Wednesday, December 12, 2007

Oh, Joe! A Lily for you...

Oh, Joe! A Lily for you...

It has been a while since I awarded a "Lily," my own personal prize. I chose that name for statements that engender cynicism. The award is named after Lily Tomlin, who reputed to have said "No matter how cynical I get, it's hard to keep up."

Joe Scarborough wins for his recent defense of water boarding. A part of that defense was asking a rhetorical question that implies very strongly that water boarding is not torture.

When, he asked, did the liberal media, when did the people in Manhatten, when did the people in West Hollywood decide that water boarding was torture?

"I wasn't," he said, "at that meeting."

Joe is a commentator, discussing issues of the day every day. He has access to more information that I have, and more time to take it in, check it out and verify it. . So, I am cynical about his integrity in making this statement. It is well enough known for me to know that, it wasn't a meeting where that decision was made. That was decided at a trial. More than one trial. Three of them are described, here.

"In the war crimes tribunals that followed Japan's defeat in World War II, the issue of waterboarding was sometimes raised. In 1947, the U.S. charged a Japanese officer, Yukio Asano, with war crimes for waterboarding a U.S. civilian. Asano was sentenced to 15 years of hard labor.

"On Jan. 21, 1968, The Washington Post ran a front-page photo of a U.S. soldier supervising the waterboarding of a captured North Vietnamese soldier. The caption said the technique induced "a flooding sense of suffocation and drowning, meant to make him talk." The picture led to an Army investigation and, two months later, the court martial of the soldier.

"Cases of waterboarding have occurred on U.S. soil, as well. In 1983, Texas Sheriff James Parker was charged, along with three of his deputies, for handcuffing prisoners to chairs, placing towels over their faces, and pouring water on the cloth until they gave what the officers considered to be confessions. The sheriff and his deputies were all convicted and sentenced to four years in prison."

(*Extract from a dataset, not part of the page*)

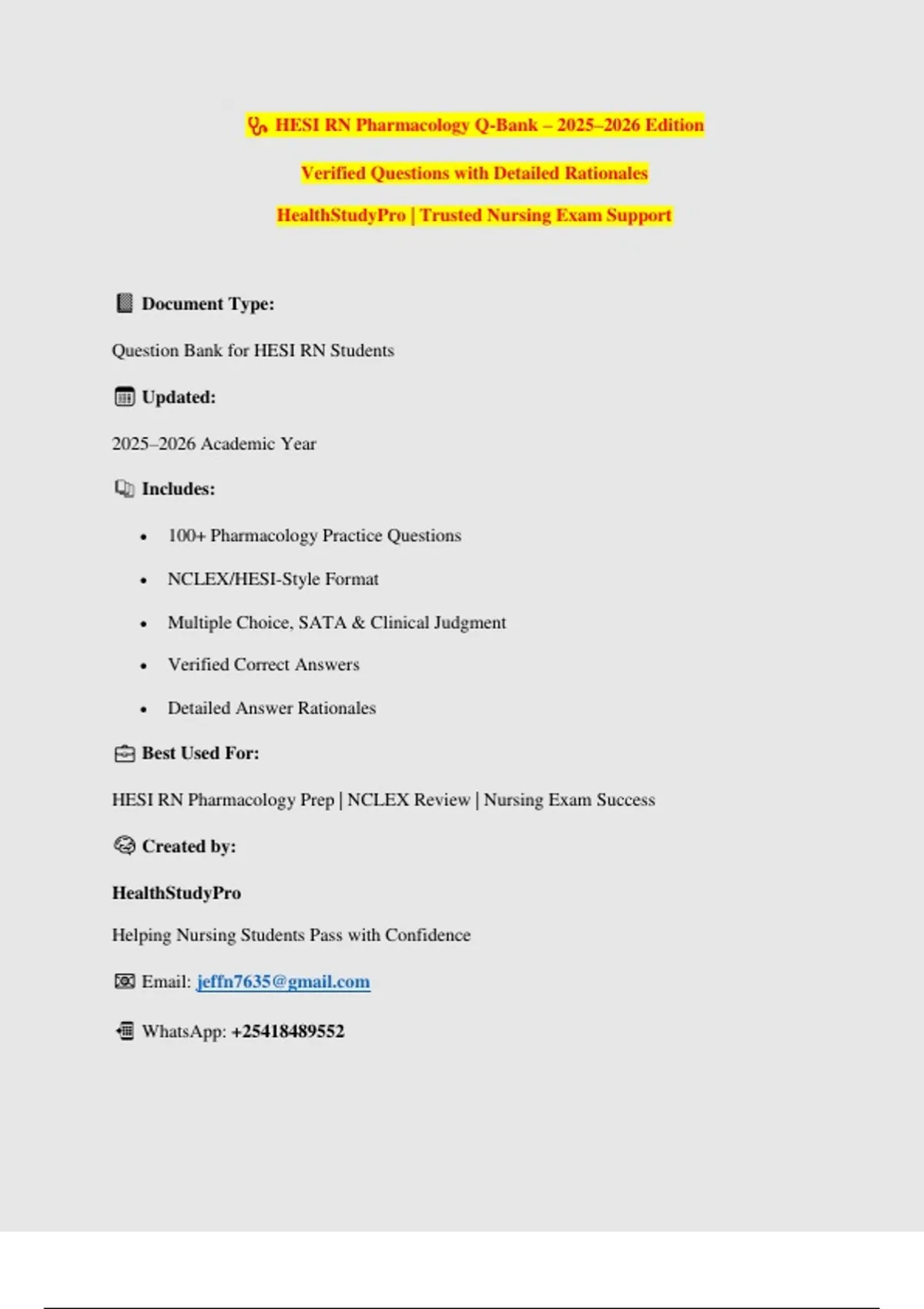 Prepare confidently for your HESI RN Pharmacology exam with this 2025–2026 updated Q-Bank Test Bank, packed with verified, exam-style questions and clear, detailed rationales. Designed to match real HESI difficulty and structure, this resource strengthens your medication knowledge, dosage understanding, side-effect recognition, and safe-pharmacology decision-making. Every question includes a step-by-step rationale, making complex drug concepts easy to understand and helping you build strong clinical reasoning skills. Perfect for HESI prep, nursing school exams, NCLEX reinforcement, and last-minute revision. A trusted resource from HealthStudyPro, created to help nursing students master pharmacology with confidence and accuracy.

NPR, "Waterboarding: a tortured history"

It wasn't a meeting that decided that water boarding was torture. It was a law cases--it was trials.

So, if Joe Scarborough doesn't know that, what's he doing commenting on the news of the day? This is the kind of thing that politicians do (and he is a former Congressman)--they use cleverly worded statements that don't really lie but convey and promote untruth. Propagandists--that is people who want to persuade people of something that benefits the propagandist without regard for the truth of the matter--lie; sometimes they lie by commission and sometimes by omission, but they lie.

Later in the same show, Joe said to a guest "If you are going to be on my show, David, you have to provide accurate information."

A Lily for Joe. The category is Integrity.